** Opening DATA block **

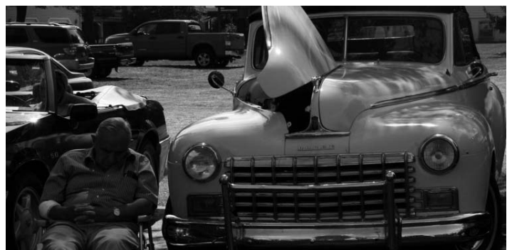
Car Show too
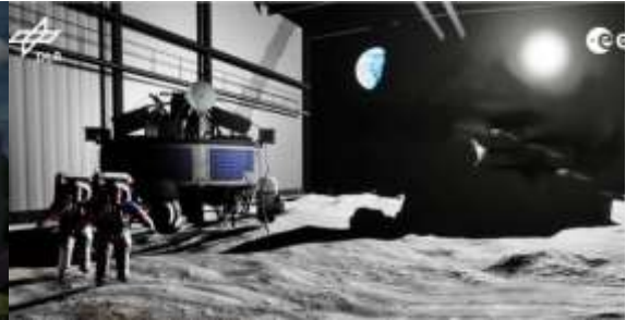
Possible integrated training scenario

Much like the international Space Station ISS, future exploration of Moon and Mars is an international endeavor that will be realized in cooperation of many partners. Germany and ESA are jointly contributing strategically with the various institutes and faculties of DLR, the European Astronaut Centre (EAC) in Cologne and the German Space Operations Center (GSOC) in Oberpfaffenhofen, inclusive the secure ground communications network.
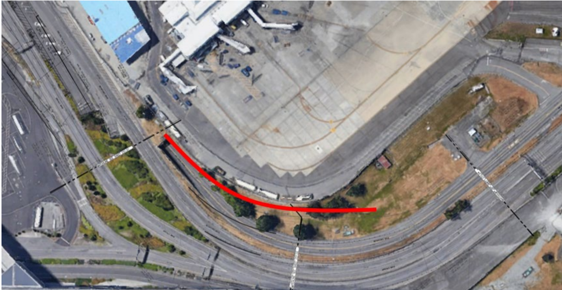
The rendering above shows in red the location of the new wall.

for this project has increased to include additional utility relocations and the renewal of utility infrastructure impacted by the project.
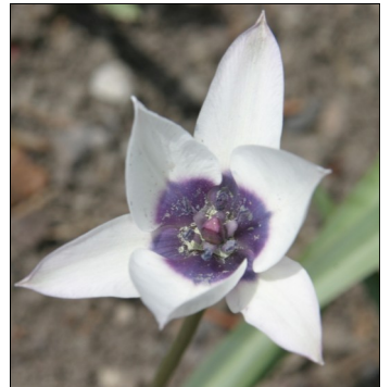
Even the tulips are letting us know it's time to get started
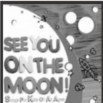
Various Artists See You on the Moon! (Songs for Kids of All Ages) (Universal Music Can)
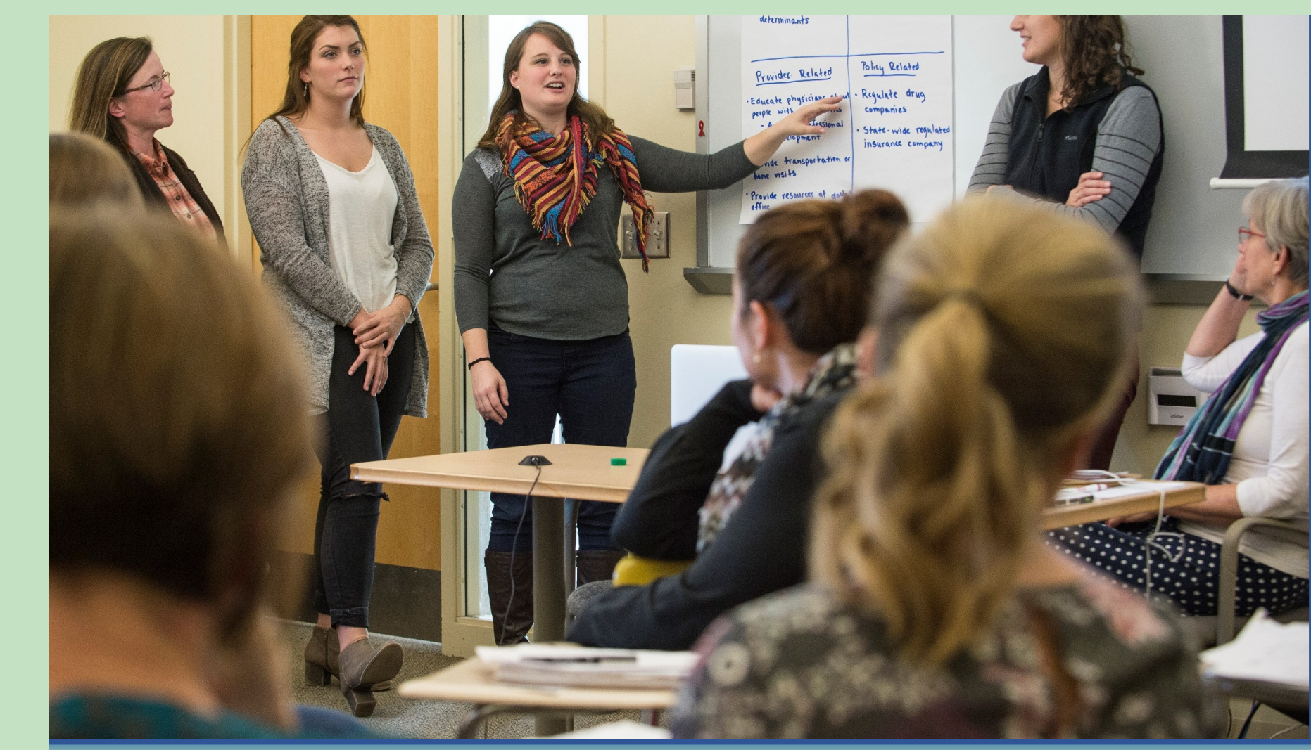
LEND trainees share their discussions based on case-based application activities.

** Closing DATA block **

YOUR GOAL: Everything from the line with "Even the tulips" through the end of the listing above, both ends included, should be set down exactly; copy nothing else, and skip the pictures.

ANSWER BELOW:
Even the tulips are letting us know it's time to get started
Various Artists See You on the Moon! (Songs for Kids of All Ages) (Universal Music Can)
LEND trainees share their discussions based on case-based application activities.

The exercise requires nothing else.